Swirling winds, drone-operated monkeys and artificial intelligence brought new life to “The Wizard of Oz” on Thursday at the premiere of an immersive version of the Hollywood classic in Las Vegas.

A yellow-brick carpet, mimicking the yellow brick road in the film, led to the entrance of Sphere, a high-tech, dome-shaped entertainment venue that is showing the update of the 1939 movie musical.

Premiere attendees included Lorna Luft, whose mother Judy Garland played Dorothy in the movie.

“We are finally off to see the wizard!” Sphere Entertainment CEO James Dolan told the crowd. “What you’re about to see tonight is our most powerful example yet of experiential storytelling in this new media.”

Some cinema lovers have recoiled at the idea of tinkering with a classic film. Workers in Hollywood also are wary that artificial intelligence will be used to replace human work.

Dolan said audiences would be wowed by the new “Wizard of Oz” experience.

“For the first time, you’re going to feel like you’re part of the story,” he said.

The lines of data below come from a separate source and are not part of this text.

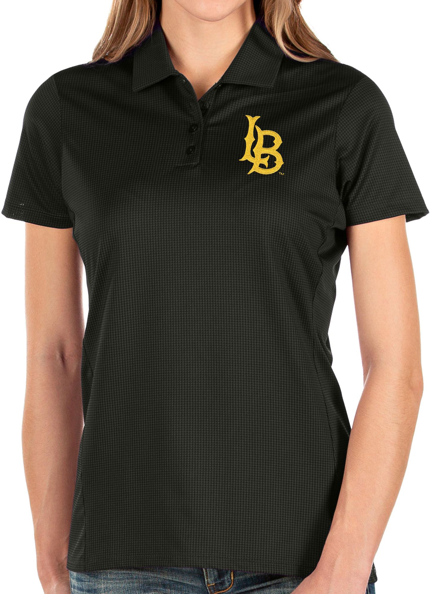 Antigua Women's Long Beach State 49ers Balance Black Polo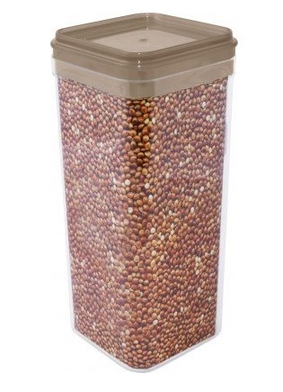 Тип: емкость. Назначение: для сыпучих продуктов. Материал: пластик. Цвет емкости: прозрачный. Цвет крышки: коричневый. Объём: 2,25 л. Высота: 27,9 см. Крышка с уплотнителем. Похожие товары
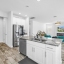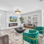 As you enter, you will discover a bright and inviting living area that seamlessly flows into the gourmet kitchen and dining space, perfect for entertaining. This home is adorned with high-end lighting fixtures, elegant finishes, and top-of-the-line appliances, ensuring a sophisticated living experience. The highlight of the living space is a stunning custom marble electric fireplace that adds warmth and style.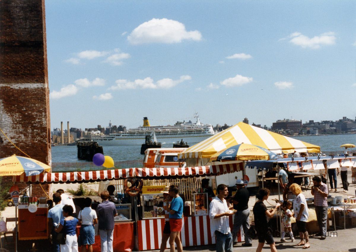 1: view east of River City Fair; outbound ocean liner on Hudson River.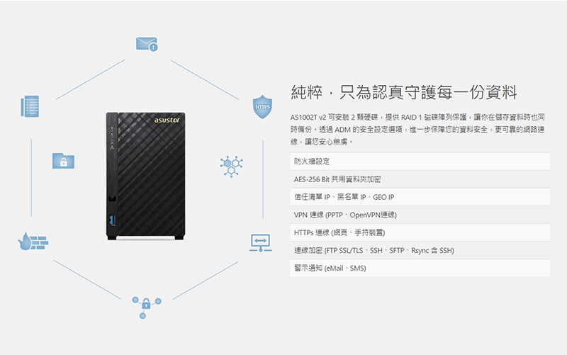 明晚就是小年夜了!各位是否已經提早回家團圓,準備過年了呢?全員到齊就先拍張大合照,接著上傳到雲端保存一輩子啦!華芸 AS-1002T v2 2Bay NAS(網路儲存裝置)的功能性多元,你可以把他當作雲端資料、照片、影片儲存空間、BT掛載、多媒體伺服器,甚至到進階的NVR監視系統應用皆可!另外可利用RAID 1磁碟陣列(磁碟鏡像)來保護資料,亦可使用Btrfs檔案快照系統,即時建立快照與備份資料,透過還原的方式確保資料完整性,完全不受勒索病毒威脅,同時提供Dropbox、Google Drive、OneDrive等跨平台的雲端備份方式!硬體搭載Marvell ARMADA-385雙核心(1.6GHz)、512MB DDR3記憶體,最大可擴充2顆16TB硬碟,若搭配擴裝硬碟設備,最大總量可擴充到10顆16TB(160TB)硬碟!I/O提供2組USB 3.2 Gen1,你可以另外擴充USB外接硬碟、USB印表機、USB無線網卡等,Gigabit Ethernet介面更讓你不用擔心傳輸速度問題!所以說它不僅適用於一般家庭用戶,更可達到中小企業的基本需求!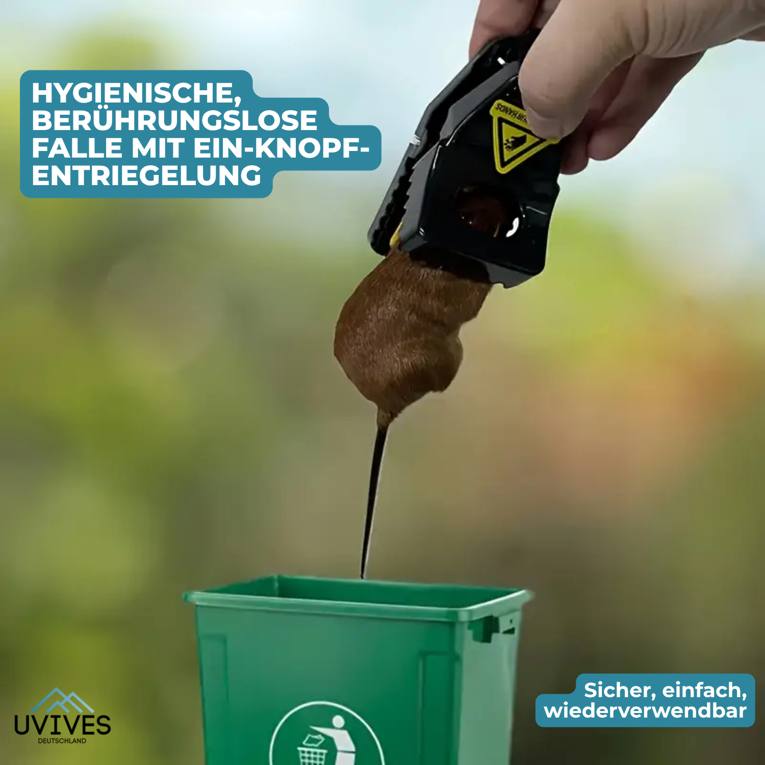 Med SnapGuard tar du striden mot råttor och möss – säkert, rent och helt utan gift! Den extremt känsliga dubbelfjädertekniken reagerar på varje rörelse och säkerställer omedelbar utlösning. Perfekt för bostäder, källare, garage eller kontor – där du vill agera effektivt men djur- och miljövänligt.

Reworking the film took more than two years and 2,000 people, including the Sphere’s creative team, Google’s DeepMind researchers and Warner Bros Discovery executives. The film has been updated and AI has been used to make it watchable on Sphere’s giant, wraparound screen.

AI restored tiny celluloid frames into today’s high definition and filled in details such as freckles on Dorothy’s face. Proponents see it as a potential watershed moment in Hollywood’s use of AI tools.

The Sphere added off-screen elements such as fans that kicked up wind and blew leaf-shaped confetti when the tornado swept Dorothy’s farmhouse into the sky. Sixteen-foot (4.88-metre) helium-filled monkeys flew overhead as the Wicked Witch plotted Dorothy’s demise.